→ **DATA**:
__________

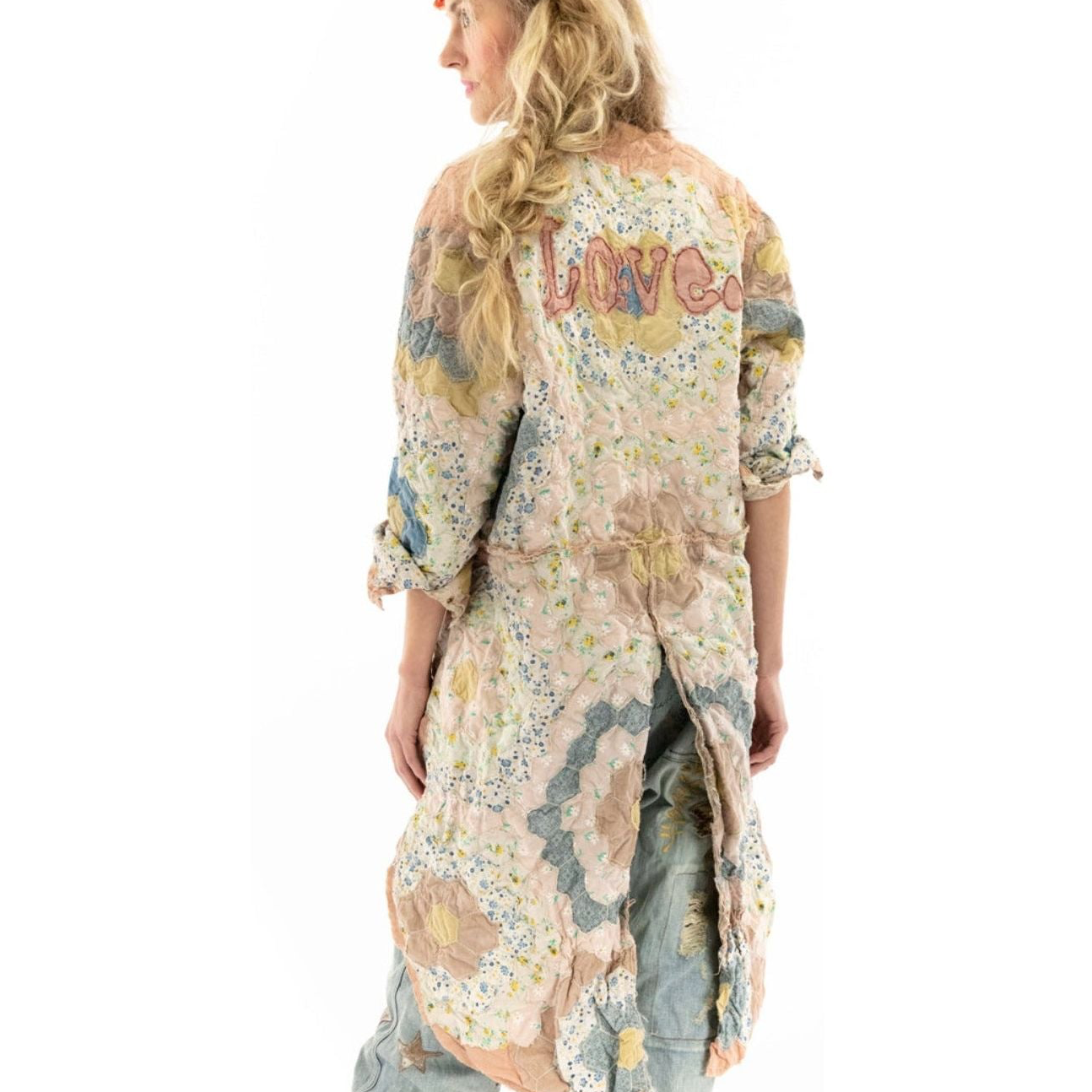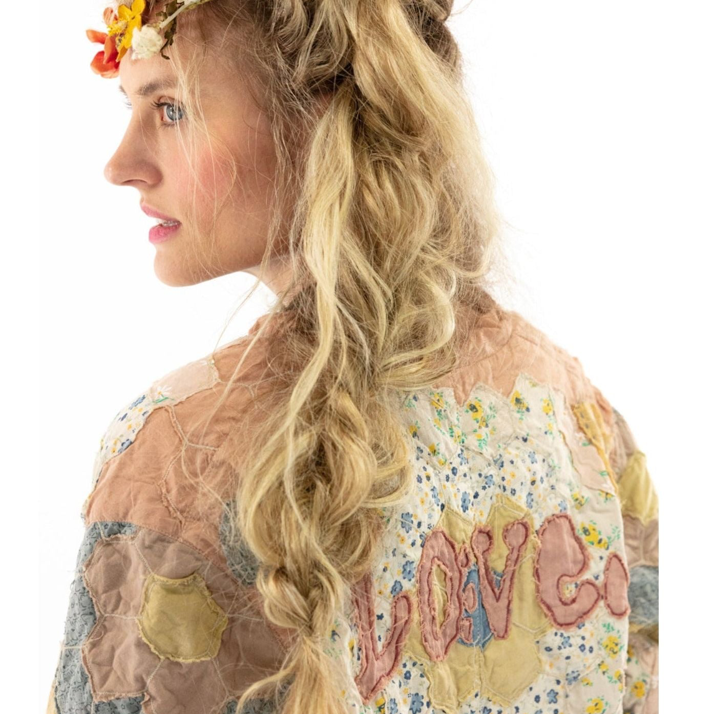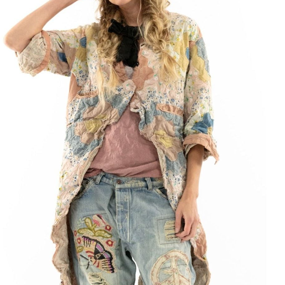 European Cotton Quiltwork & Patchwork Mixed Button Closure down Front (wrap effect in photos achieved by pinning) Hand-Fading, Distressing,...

__________

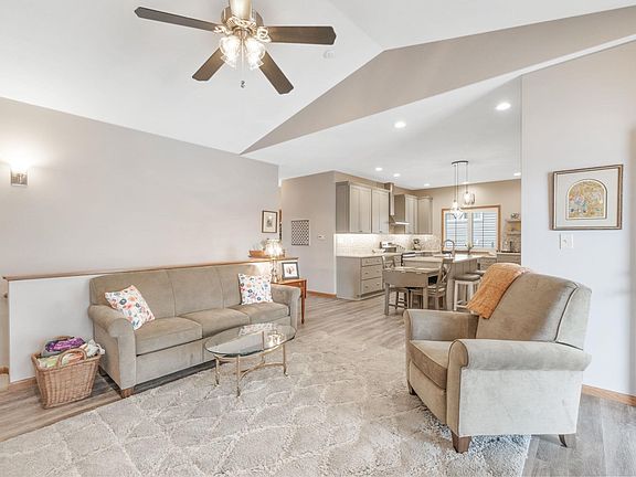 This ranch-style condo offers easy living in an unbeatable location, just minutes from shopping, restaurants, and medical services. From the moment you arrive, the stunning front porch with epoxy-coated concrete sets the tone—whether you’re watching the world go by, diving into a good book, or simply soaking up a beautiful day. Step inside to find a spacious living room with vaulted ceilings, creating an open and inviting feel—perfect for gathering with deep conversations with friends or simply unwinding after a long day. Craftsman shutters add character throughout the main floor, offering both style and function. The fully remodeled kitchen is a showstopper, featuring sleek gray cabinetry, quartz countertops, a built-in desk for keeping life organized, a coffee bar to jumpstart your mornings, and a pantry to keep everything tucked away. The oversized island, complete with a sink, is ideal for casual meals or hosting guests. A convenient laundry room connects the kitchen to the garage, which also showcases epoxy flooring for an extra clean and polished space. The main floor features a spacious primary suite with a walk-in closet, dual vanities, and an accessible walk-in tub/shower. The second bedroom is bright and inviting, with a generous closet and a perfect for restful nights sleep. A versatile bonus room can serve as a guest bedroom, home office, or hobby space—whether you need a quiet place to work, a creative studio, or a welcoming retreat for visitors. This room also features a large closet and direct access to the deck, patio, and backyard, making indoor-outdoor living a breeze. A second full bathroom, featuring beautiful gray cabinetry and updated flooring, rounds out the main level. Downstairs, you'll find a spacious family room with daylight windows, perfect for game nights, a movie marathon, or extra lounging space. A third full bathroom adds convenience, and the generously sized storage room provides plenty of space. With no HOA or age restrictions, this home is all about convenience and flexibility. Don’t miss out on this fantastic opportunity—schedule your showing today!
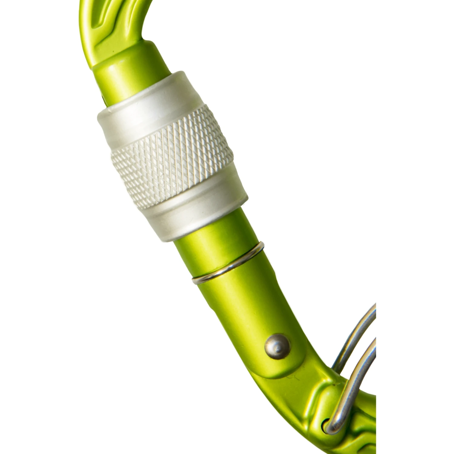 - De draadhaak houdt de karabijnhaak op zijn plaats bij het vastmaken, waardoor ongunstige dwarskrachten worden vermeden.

__________

All that is wanted is the lines above between the one containing "This ranch-style condo" and the one containing "- De draadhaak", inclusive, restated word for word, with pictures omitted.

 This ranch-style condo offers easy living in an unbeatable location, just minutes from shopping, restaurants, and medical services. From the moment you arrive, the stunning front porch with epoxy-coated concrete sets the tone—whether you’re watching the world go by, diving into a good book, or simply soaking up a beautiful day. Step inside to find a spacious living room with vaulted ceilings, creating an open and inviting feel—perfect for gathering with deep conversations with friends or simply unwinding after a long day. Craftsman shutters add character throughout the main floor, offering both style and function. The fully remodeled kitchen is a showstopper, featuring sleek gray cabinetry, quartz countertops, a built-in desk for keeping life organized, a coffee bar to jumpstart your mornings, and a pantry to keep everything tucked away. The oversized island, complete with a sink, is ideal for casual meals or hosting guests. A convenient laundry room connects the kitchen to the garage, which also showcases epoxy flooring for an extra clean and polished space. The main floor features a spacious primary suite with a walk-in closet, dual vanities, and an accessible walk-in tub/shower. The second bedroom is bright and inviting, with a generous closet and a perfect for restful nights sleep. A versatile bonus room can serve as a guest bedroom, home office, or hobby space—whether you need a quiet place to work, a creative studio, or a welcoming retreat for visitors. This room also features a large closet and direct access to the deck, patio, and backyard, making indoor-outdoor living a breeze. A second full bathroom, featuring beautiful gray cabinetry and updated flooring, rounds out the main level. Downstairs, you'll find a spacious family room with daylight windows, perfect for game nights, a movie marathon, or extra lounging space. A third full bathroom adds convenience, and the generously sized storage room provides plenty of space. With no HOA or age restrictions, this home is all about convenience and flexibility. Don’t miss out on this fantastic opportunity—schedule your showing today!
 - De draadhaak houdt de karabijnhaak op zijn plaats bij het vastmaken, waardoor ongunstige dwarskrachten worden vermeden.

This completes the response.